El Nuevo Mundo is a Mexican chain of 11 department stores dating back to its first store opened in 1877 in Mexico City.

==History==
During the mid-1800s in Mexico City, small shops, known as cajones (boxes, trunks, drawers), began to appear, selling quality and fashionable clothes and fabrics to the growing Mexican high-end market, which for customers had prior to then meant either traveling to Europe or waiting months for ships from the Old World to arrive with advertised goods. In 1877 the Spaniard Don Bernardo García Robes y Ordoñez founded El Cajón de El Nuevo Mundo The Trunk/Box/Drawer of The New World on the corner of Capuchinas and 1st Monterilla, today Venustiano Carranza and 5 de Febrero streets, in the Historic center of Mexico City. The store sold high-quality fabrics, hats and millinery, women's clothing and perfumes imported from Europe, since the Mexican manufacturing industry was just beginning.

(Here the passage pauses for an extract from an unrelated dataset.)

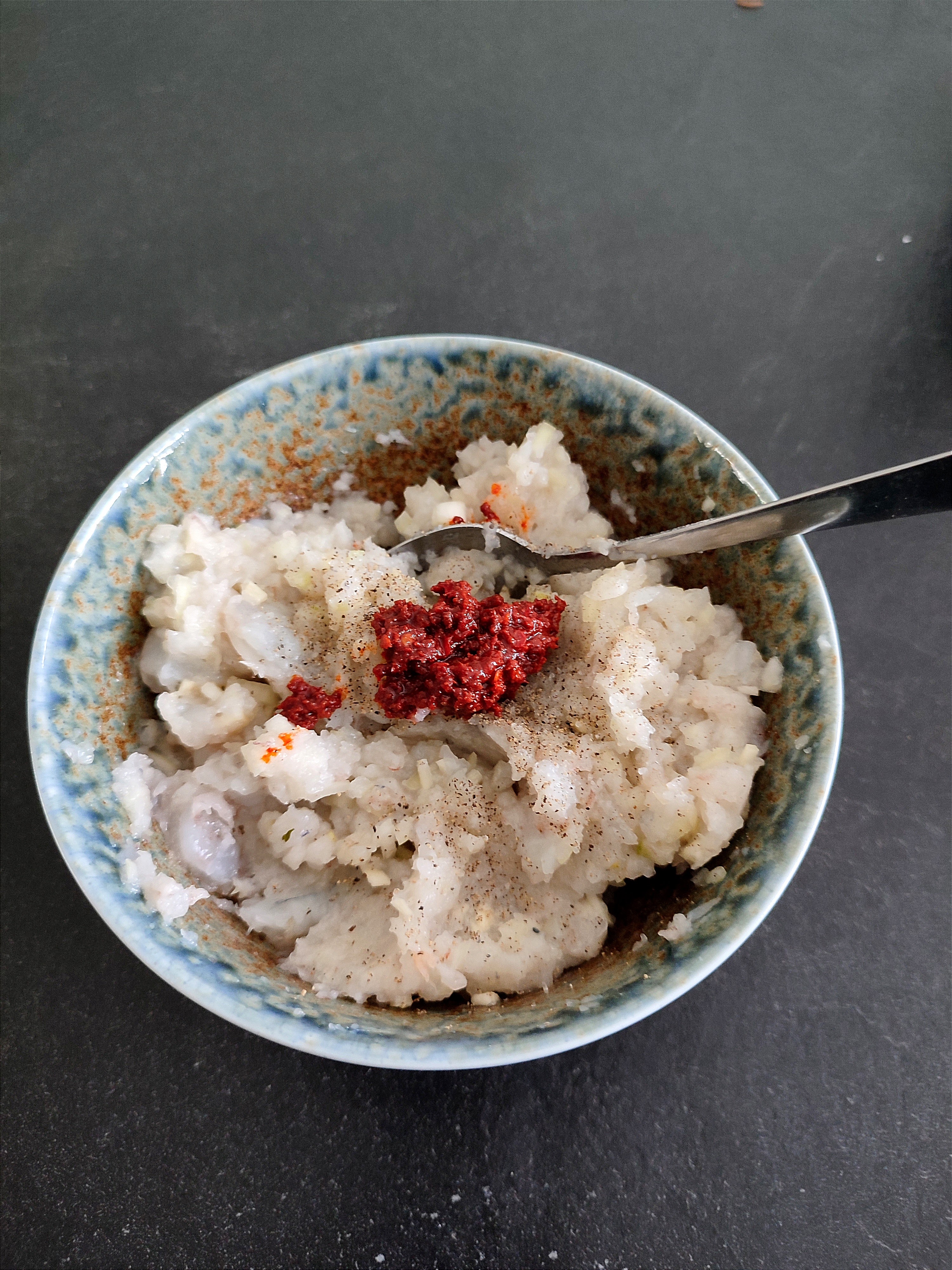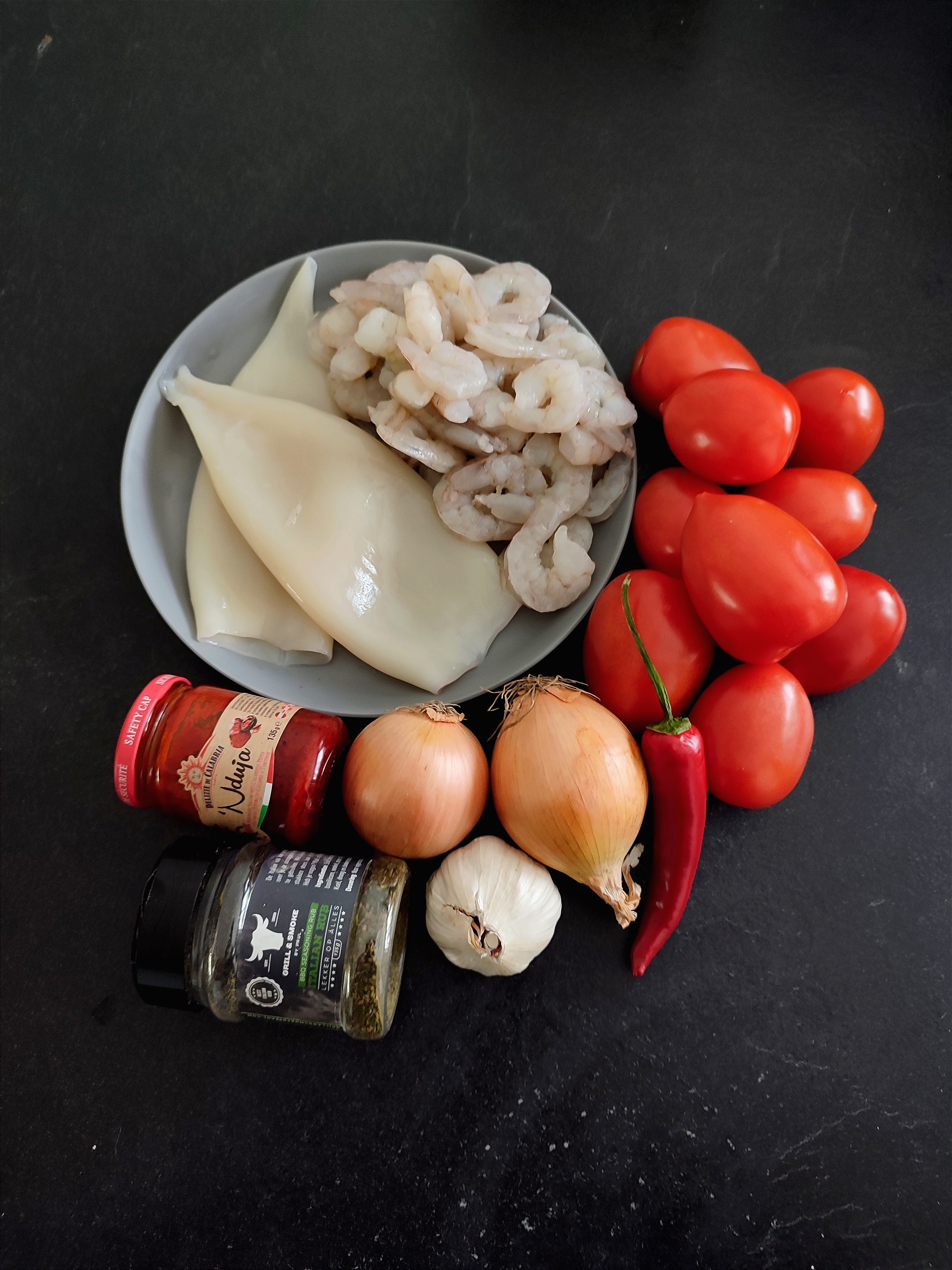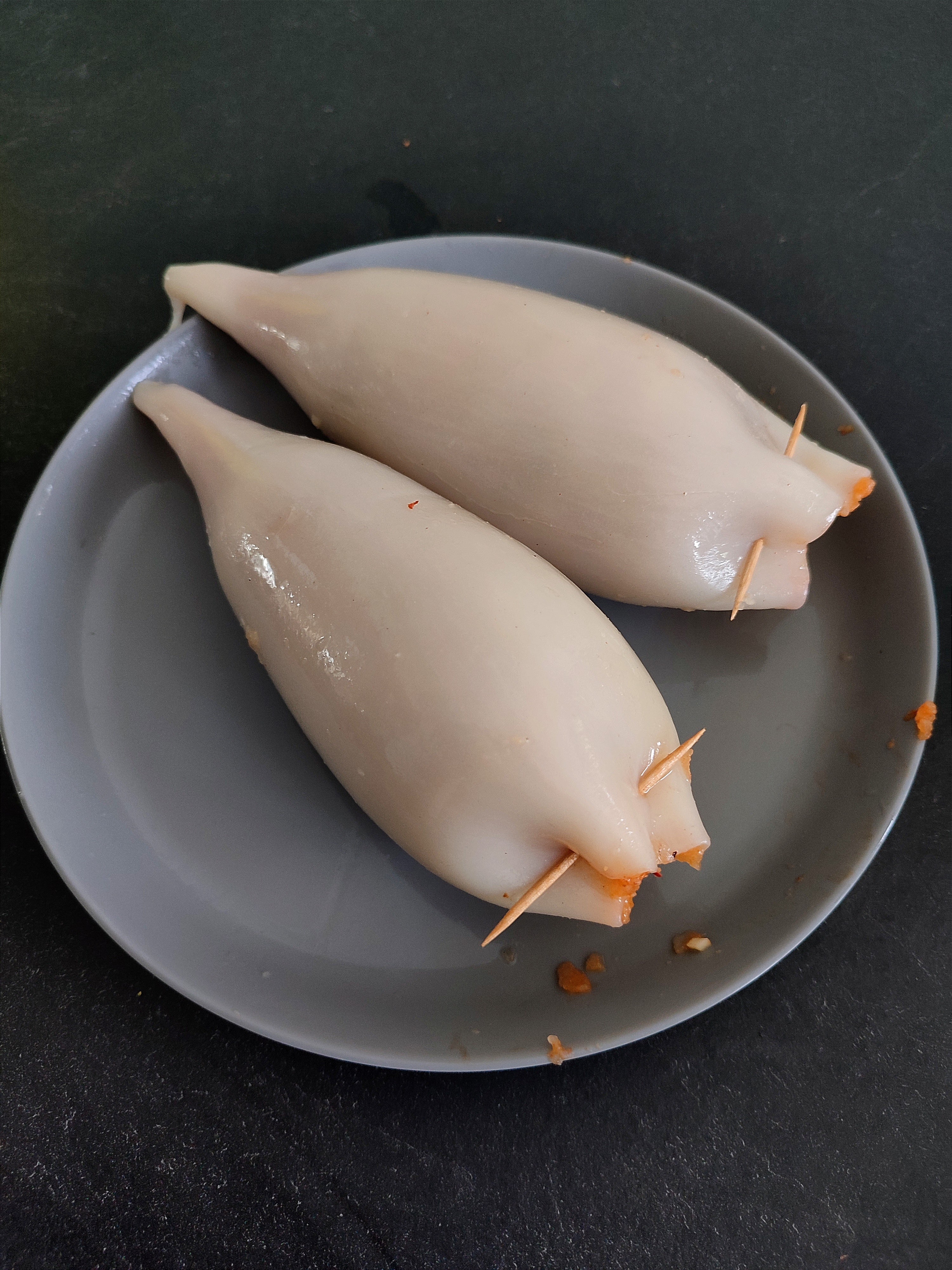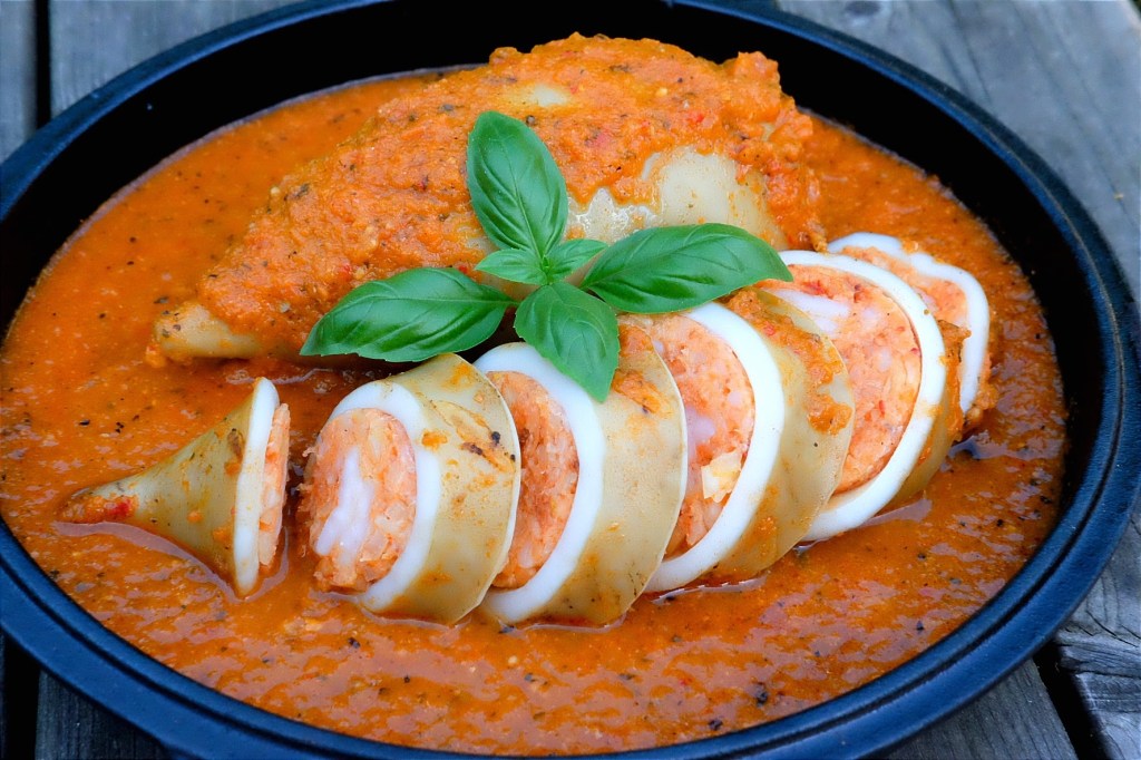 Deze inktvis gevuld met garnalen en nduja is lekker pittig en samen met de licht pittige tomatensaus een heerlijk gerecht.

In 1910, the year that the Mexican revolution began, the company that became El Nuevo Mundo Mexico S.A. was incorporated. In 1949 the company opened a branch in Guadalajara, branded Almacenes Colón, but changed in 1963 to El Nuevo Mundo Guadalajara. In 1956 it opened a branch in Monterrey on Padre Mier Street which was expanded over time to the current area of 10,000 square meters.

==Products==
Product lines include apparel and footwear for men, women and children, fabrics, curtains, decoration, household items, home appliances, and haberdashery.

==Stores==
El Nuevo Mundo stores are located in:

| El Nuevo Mundo department stores |  |  | Mundara dept. store | Shoe store |
|---|---|---|---|---|
| Acapulco; Cuernavaca; Guadalajara, Downtown; Mexico City, Historic Center, Venustiano Carranza St.; | Monterrey Downtown Monterrey; San Pedro Garza García; Guadalupe; ; | Veracruz; Querétaro; Tampico; | Guadalajara, Plaza del Sol; | Monterrey; |

The chain also has a fabric distribution center.